- TASK DIRECTIONS -
Quote the whole listing word for word. Do not include the pictures.

- RECORD SET -
================================

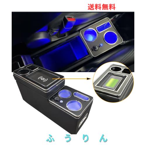 【最新型コンソールボックス】:1.ブルーのLED灯が付き、夜車内が暗い時、小物を探すことに便利になります。車内の灯を開けることが要らなく、運転の安全を確保する。2.前席+後席に 5口USBポートを増設、後部座席の乗客にも便利になります。3.収納も大容量!ティッシュボックスやマスク、スマホなど様々な物を収納できます。
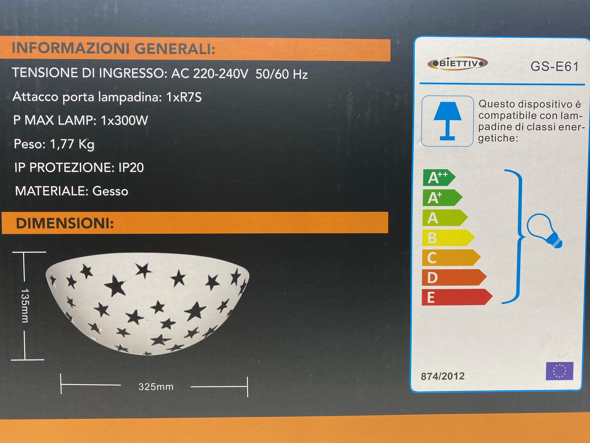 APPLIQUE IN GESSO LAMPADA DA PARETE A LED R7S STELLE LUMINOSE LUCE FREDDA 6500K
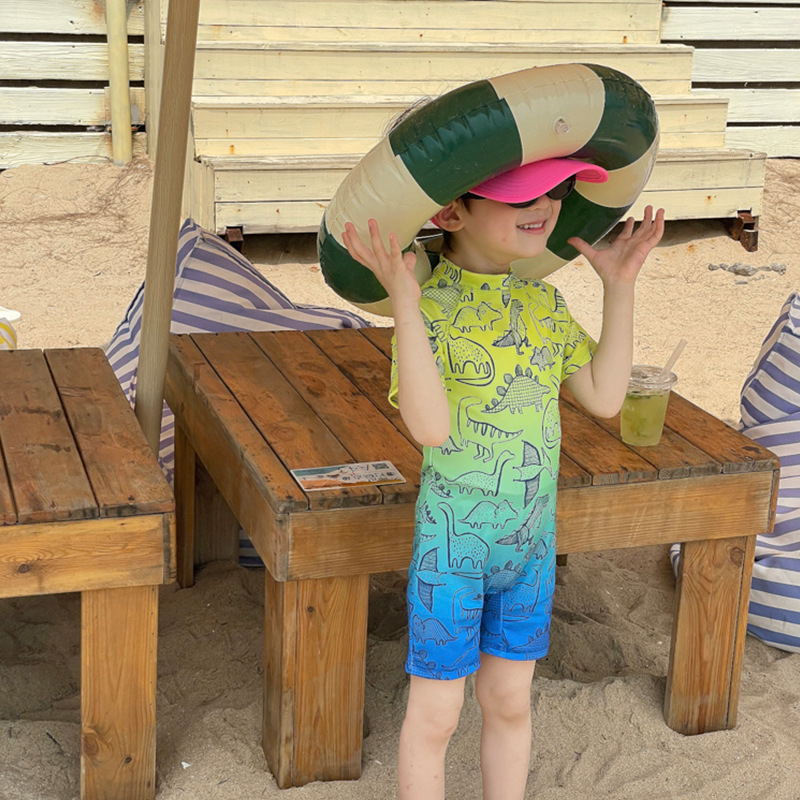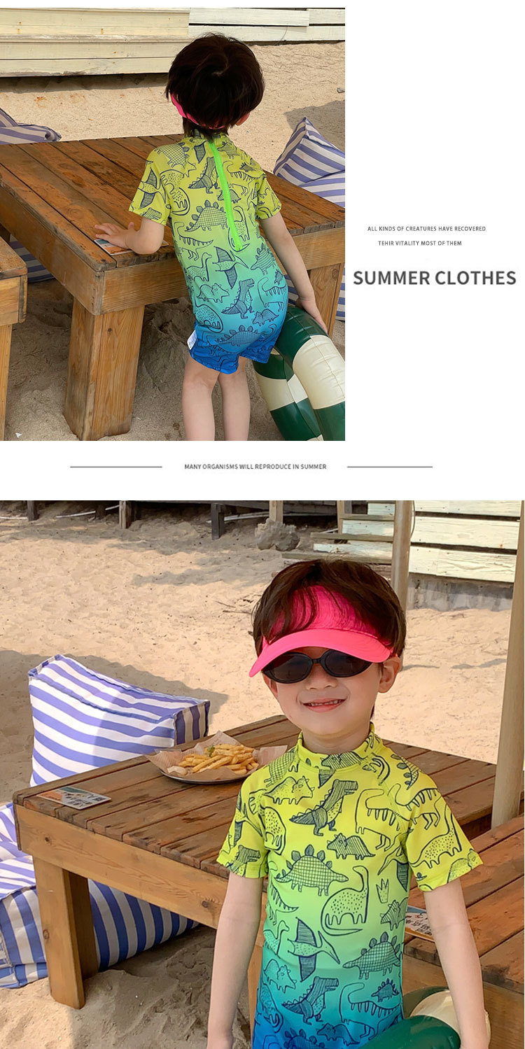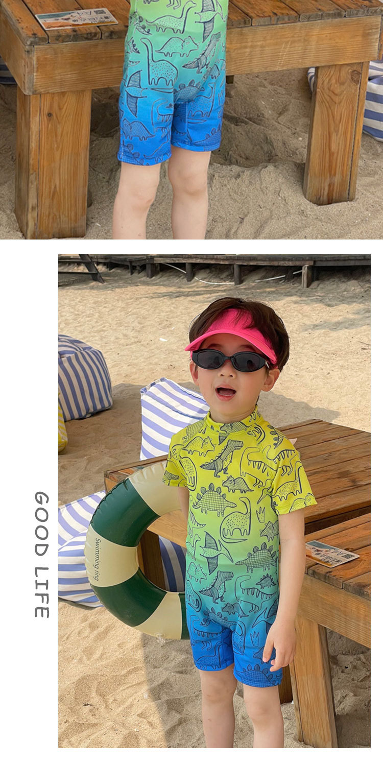 어린이 원피스 수영복 여름 소년 잘 생긴 공룡 어린이 반팔 빠른 건조 해변 휴가 수영복스토어 가기
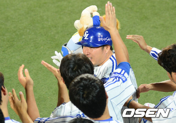 23일 오후 대구시민구장에서 열린 2013 한국야쿠르트 세븐프로야구 삼성 라이온즈와 NC 다이노스의 경기, 6회 무사 1루서 삼성 최형우가 NC 선발 찰리 쉬렉의 4구째를 공략해 135m 짜리 우월 투런 아치를 터트렸다. 시즌 17호째. 최형우가 덕아웃에서 동료들과 기쁨을 나누고 있다.
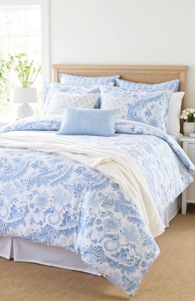 Besides its beautiful design, this set offers a calming effect, promoting better sleep. Pair it with wicker furniture or driftwood accents to enhance the coastal vibe. It’s an affordable way to bring the beach to your bedroom without the travel cost.
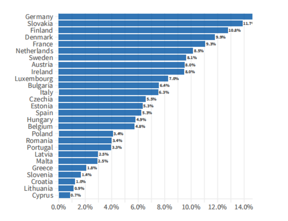 图5:2023年中国在各欧盟成员国入口中所占的份额(注:以上入口数据统计不包含欧盟成员国之间的买卖)。 府上来源:欧洲统计局
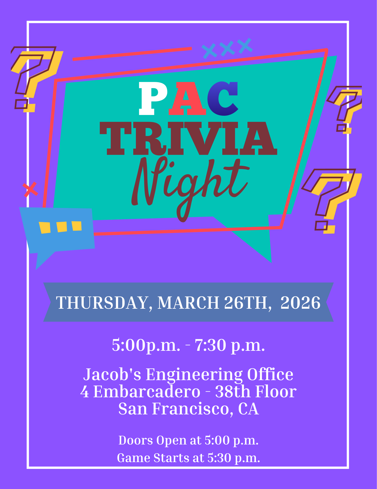 Get ready to flex your brainpower at BOMA-SF PAC Trivia Night—where quick thinking, bold guesses, and bragging rights are all on the line! Fuel up with pizza, rally your team, and prepare for a fast-paced night of friendly (but fierce) competition. Hosted by Maddie Campbell, Manager of Government Affairs, the trivia showdown will cover everything from pop culture and sports to literature, music, social media, and more. Only one team can claim victory....but everyone will have a blast doing it, all while supporting BOMA’s advocacy efforts. Come hungry, come competitive, and come ready to prove you’ve got what it takes. Trash talk encouraged. Cheating strongly discouraged. Don’t miss this high-energy night of fun, networking, and serious bragging rights. See you there!
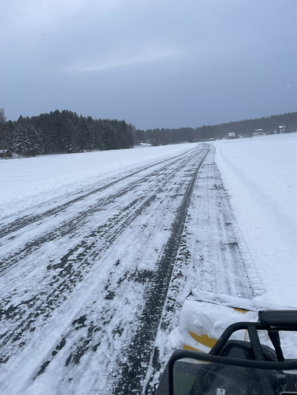 Det har under de senaste dygnen kommit runt 25 cm snö, banans bredd är 6 meter och 1,4 km lång. Det betyder att 2100 m3 snö plogats undan.

================================

- EXERCISE RESPONSE -
 【最新型コンソールボックス】:1.ブルーのLED灯が付き、夜車内が暗い時、小物を探すことに便利になります。車内の灯を開けることが要らなく、運転の安全を確保する。2.前席+後席に 5口USBポートを増設、後部座席の乗客にも便利になります。3.収納も大容量!ティッシュボックスやマスク、スマホなど様々な物を収納できます。
 APPLIQUE IN GESSO LAMPADA DA PARETE A LED R7S STELLE LUMINOSE LUCE FREDDA 6500K
 어린이 원피스 수영복 여름 소년 잘 생긴 공룡 어린이 반팔 빠른 건조 해변 휴가 수영복스토어 가기
 23일 오후 대구시민구장에서 열린 2013 한국야쿠르트 세븐프로야구 삼성 라이온즈와 NC 다이노스의 경기, 6회 무사 1루서 삼성 최형우가 NC 선발 찰리 쉬렉의 4구째를 공략해 135m 짜리 우월 투런 아치를 터트렸다. 시즌 17호째. 최형우가 덕아웃에서 동료들과 기쁨을 나누고 있다.
 Besides its beautiful design, this set offers a calming effect, promoting better sleep. Pair it with wicker furniture or driftwood accents to enhance the coastal vibe. It’s an affordable way to bring the beach to your bedroom without the travel cost.
 图5:2023年中国在各欧盟成员国入口中所占的份额(注:以上入口数据统计不包含欧盟成员国之间的买卖)。 府上来源:欧洲统计局
 Get ready to flex your brainpower at BOMA-SF PAC Trivia Night—where quick thinking, bold guesses, and bragging rights are all on the line! Fuel up with pizza, rally your team, and prepare for a fast-paced night of friendly (but fierce) competition. Hosted by Maddie Campbell, Manager of Government Affairs, the trivia showdown will cover everything from pop culture and sports to literature, music, social media, and more. Only one team can claim victory....but everyone will have a blast doing it, all while supporting BOMA’s advocacy efforts. Come hungry, come competitive, and come ready to prove you’ve got what it takes. Trash talk encouraged. Cheating strongly discouraged. Don’t miss this high-energy night of fun, networking, and serious bragging rights. See you there!
 Det har under de senaste dygnen kommit runt 25 cm snö, banans bredd är 6 meter och 1,4 km lång. Det betyder att 2100 m3 snö plogats undan.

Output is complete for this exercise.